The beauty of The Member of the Wedding is in McCullers’ writing of the companionship that Frankie, Berenice, and John Henry provide for one another; they are integral to each other’s lives, and their bonding and bickering confirms the unspoken friendship pact. That’s where the true drama of the play resides, although there are meaningful digressions when Mr. Addams (Reed Birney) emits a racist slur and when Honey drops by with Berenice’s suitor, T. T. Williams (Michael W. Howell), to deliver some news. For the most part, Berenice suppresses her woes and caters wisely to the children — never more so than at the end of the second act, when Frankie and John Henry climb upon her lap and she sings a chorus of “His Eye is on the Sparrow.” (This particular 10-minute sequence is McCullers’ challenge to strong men who claim that nothing makes them cry.)

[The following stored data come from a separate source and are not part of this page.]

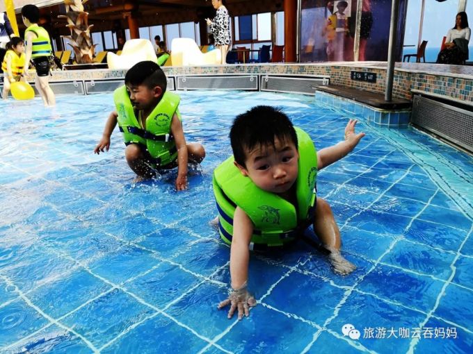 需要提醒的是,海上海风很大,即使海面上晴天出着太阳,一旦离开泳池,必须立刻做好保暖工作。我第一次带着云吞宝宝上邮轮时,当时13月龄的宝宝就是因为在邮轮上游泳,没有立刻做好保暖,导致当晚就发高烧了。
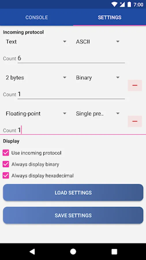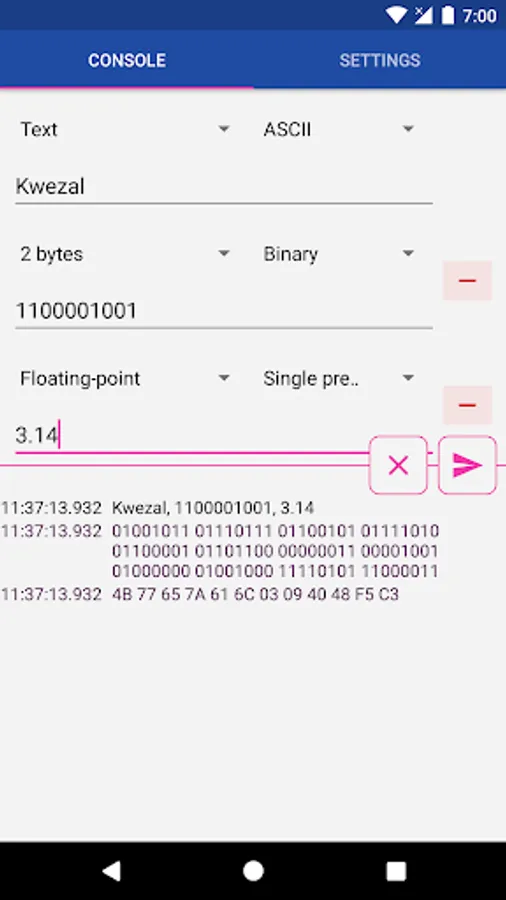 Available data types in terminal include: plain text (in ASCII or UTF-8 encoding), floating-point numbers (of single or double precision) binary coded according to the IEEE 754 standard, and also integers with any (from 1 to 8) number of bytes that can be entered into the console as a decimal, binary or hexadecimal number.
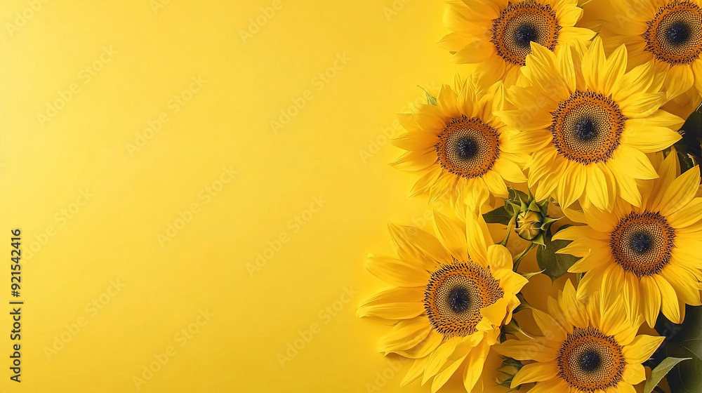 Bright Yellow Background With Sunflowers On The Right Wallpaper Mural - Decorly Solutions | Decorly Solutions
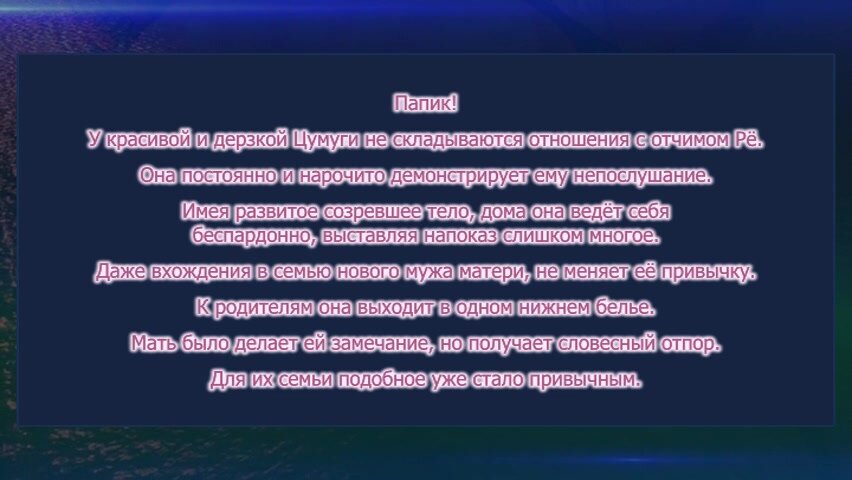 Рё приходится часто сталкиваться с Цумуги дома, ведь по профессии он айти специалист, потому можно сказать, что дом это фактически и есть его рабочее место. Но так же, иногда он ходит работать в свое любимое кафе, где завязывает отношения с Саки, лучшей подругой Цумуги, которые быстро перерастают в сексуальные похождения. И вот в один прекрасный день Цумуги случайно находит телефон Рё оставленным без присмотра, и заглянув в него из любопытства, она натыкается на видео где Хирано изменяет её матери с её подругой. Заметив это Ре решает, что ничего не поделать, раз не получилось стать хорошим отцом, то пусть так, отныне он не станет воспринимать ее как свою дочь, и накажет так как умеет, за всю ее наглость.
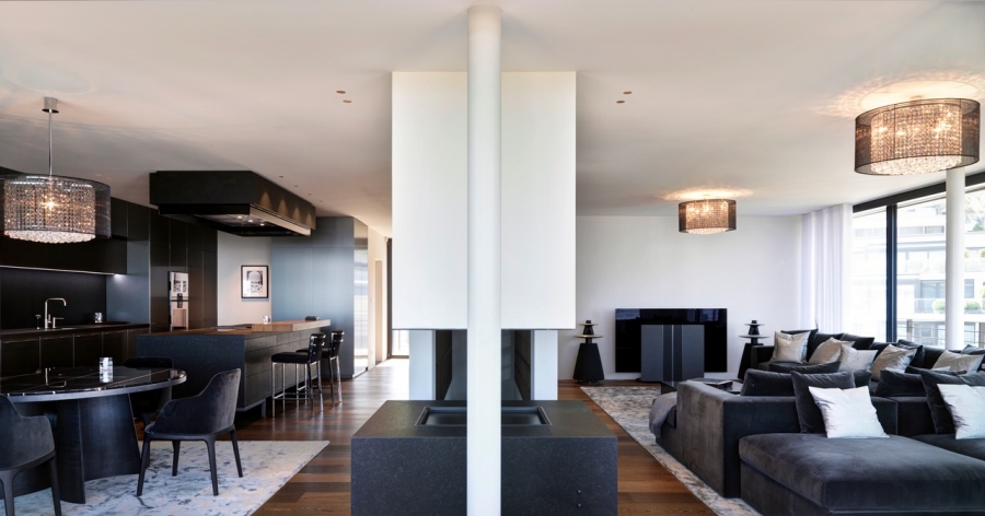 Το ευρύχωρο master bedroom με ενσωματωμένη γκαρνταρόμπα και ιδιωτικό μπάνιο ανοίγει σε ξεχωριστό κήπο στη βόρεια πλευρά του διαμερίσματος, ενώ άλλα δύο δωμάτια βλέπουν νοτιοανατολικά. Το εξαιρετικά ευρύχωρο σαλόνι και η τραπεζαρία με ανοιχτή κουζίνα 107 m2 καταλαμβάνει το μπροστινό μέρος του διαμερίσματος και επωφελείται από τη συναρπαστική θέα στη λίμνη της Ζυρίχης.
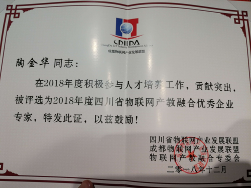 會議上,物聯(lián)網(wǎng)產(chǎn)教融合專委會的多名成員分別匯報了2018年專委會工作情況和物聯(lián)網(wǎng)產(chǎn)教融合專家工作站項目與人才白皮書工作進(jìn)展,各位企業(yè)大咖及高校代表依次做了主題分享。大會還進(jìn)行了優(yōu)秀企業(yè)專家的評選及頒獎儀式,華清遠(yuǎn)見區(qū)域運營副總裁兼校長陶金華老師在此次大會上榮獲“2018年度四川省物聯(lián)網(wǎng)產(chǎn)教融合優(yōu)秀企業(yè)專家”獎項。
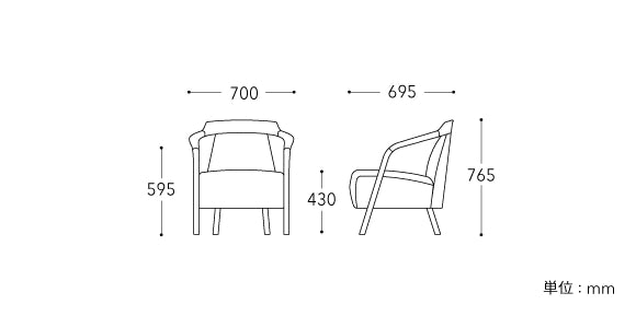 脚から肘、背、そしてもう一方の脚までが自然に繋がるパーツ。ゆったりと体を預けられ、ほしいところにほどよく触れる「体の延長としての椅子」を目指したデザインです。腰を心地よく支えるクッションと、肩まわりに位置する木背のバランスは特に大切にした点。技術担当者と喜多氏が試作を繰り返して、粘土を形づくるような作業の中から生み出したものです。座の厚みで視覚的に安定感を与えながら、その立体感とアームや座の丸みのバランスが独特な雰囲気を醸しています。
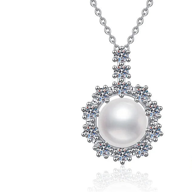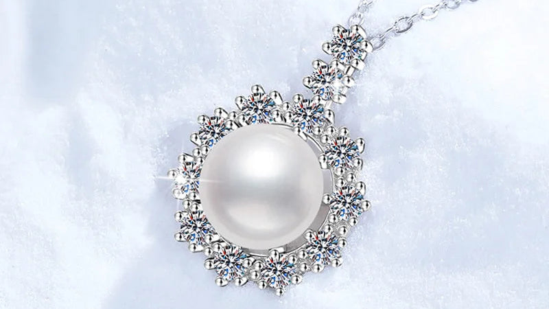 Material : 100% 925 Sterling Silver + D Color Moissanite +Natural Pearl
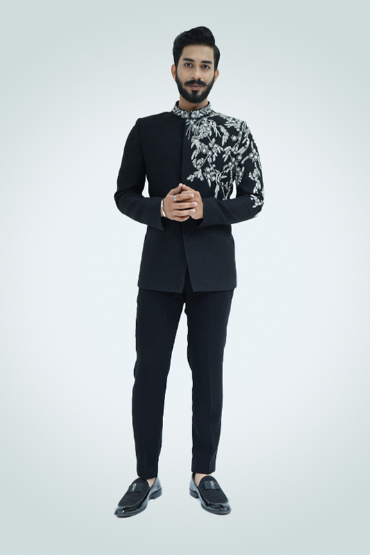 Italian Shimma Wool Crepe Black Silver Maggam Embroidered Jodhpuri
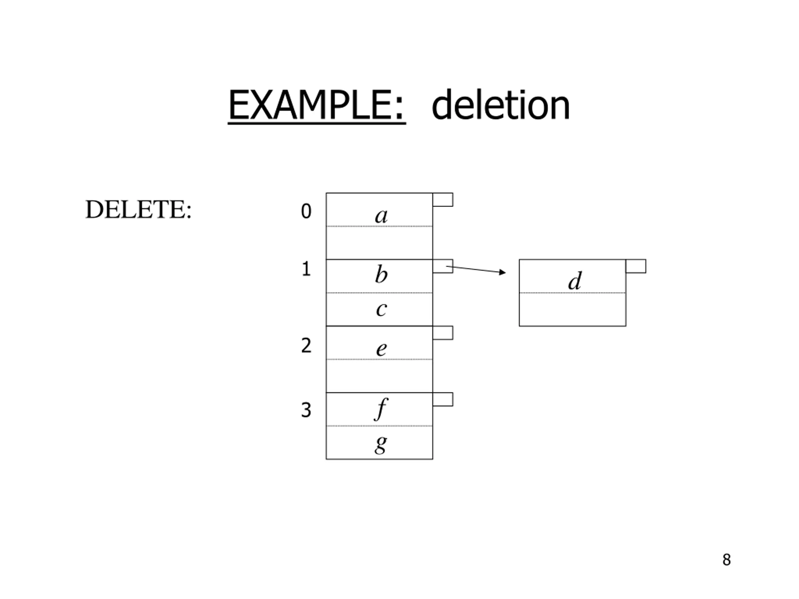 EXAMPLE: deletion DELETE: h(e) = 2 0 a 1 b c e d h(f) = 3 2 fg 3 13
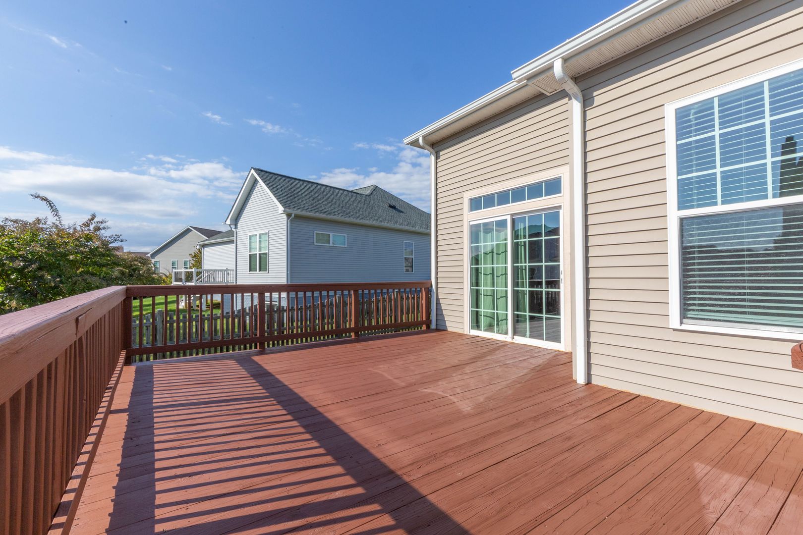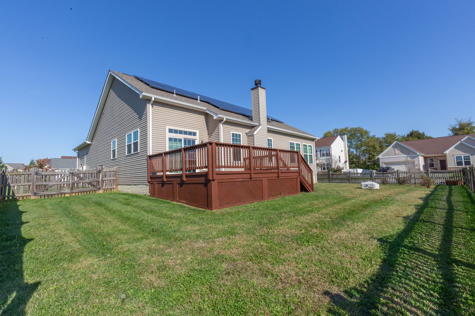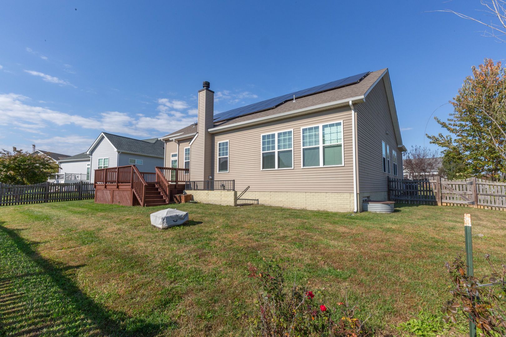 You are welcomed by the hardwood floors throughout the bright and airy open-concept main level featuring a cozy wood-burning fireplace in the living room; kitchen with granite countertops, ample cabinetry, and a large center island; dining area with access to the deck and fenced rear yard; primary suite with walk-in closet and full bath with dual vanity; two additional bedrooms with walk-in closets; an additional full bath; and a dedicated laundry room with direct access to the two-car garage.

The play is all the more astonishing for McCullers’ skill at capturing the nuances of Frankie’s abrupt mood changes and John Henry’s languid behavior during a couple of hot summer days. These two have the short-term concentration problems common to their age groups, and Berenice has the long-abiding temperament of grown-ups who associate regularly with children. This isn’t to say that Berenice keeps her mouth shut when Frankie steps out in the fringed dress that she’s selected for the wedding ceremony. (Costume designer Laurie Churba outdoes herself with this item and amuses with John Henry’s funny-hat collection.)

Some plays are famous for the original performances, and The Member of the Wedding is one of them. Anyone taking on its three major roles is held up to the standards set by Julie Harris, whose Frankie Addams put her on the map; Ethel Waters, who took the title of her autobiography from the song that she sang as the loving, generous Berenice; and Brandon de Wilde, whose John Henry was as natural as the sunrise. But this cast comes as close to their celebrated predecessors — all of whom also starred in the 1952 film version — as any picky reviewer could wish. Morton has mastered a pre-teen’s nervous mannerisms; her mercurial changes of mood, the way she angles her thin body and fidgets with her mop-top, all peg Frankie as pent-up in that recognizable way for which the only cure is time. Jackson, whose plumpness signals reassurance, is acerbic when necessary and calming when called for. Metzger is near-perfect as the dawdling, distracted, needy John Henry. What’s wrong with these performances? Nothing other than the fact that they’re not scheduled to be seen in Manhattan. Not yet, anyway.